Work item –
What is needed is a word-for-word copy of the listing below, without pictures.

(Beginning of Provided material)

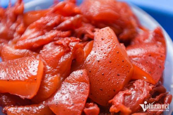 Mỗi ngày, bà Lập bán tới hơn 100 suất sứa đỏ chấm mắm tôm cho thực khách, chưa kể lượng khách đến mua sứa đỏ riêng mang về chế biến
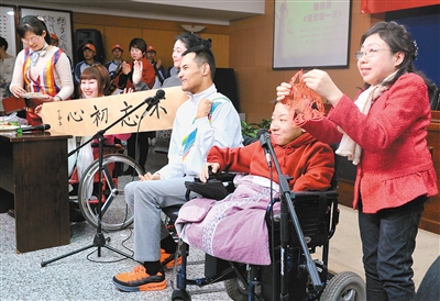 残疾人朋友深情诵读,展现了良好的精神面貌。(记者 王旭东 摄)
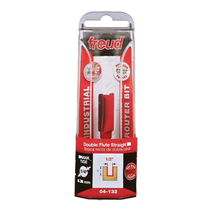 1/2" (dia.) Double Flute Straight Bit with 1/4" shank, 2-1/8" overall length These bits cut smoother than other straight bits because of the precise shear and hook angles. End of bit relief allows for fast plunging. Covered by Freud's limited lifetime warranty.

(End of Provided material)

Response to the task –
 Mỗi ngày, bà Lập bán tới hơn 100 suất sứa đỏ chấm mắm tôm cho thực khách, chưa kể lượng khách đến mua sứa đỏ riêng mang về chế biến
 残疾人朋友深情诵读,展现了良好的精神面貌。(记者 王旭东 摄)
 1/2" (dia.) Double Flute Straight Bit with 1/4" shank, 2-1/8" overall length These bits cut smoother than other straight bits because of the precise shear and hook angles. End of bit relief allows for fast plunging. Covered by Freud's limited lifetime warranty.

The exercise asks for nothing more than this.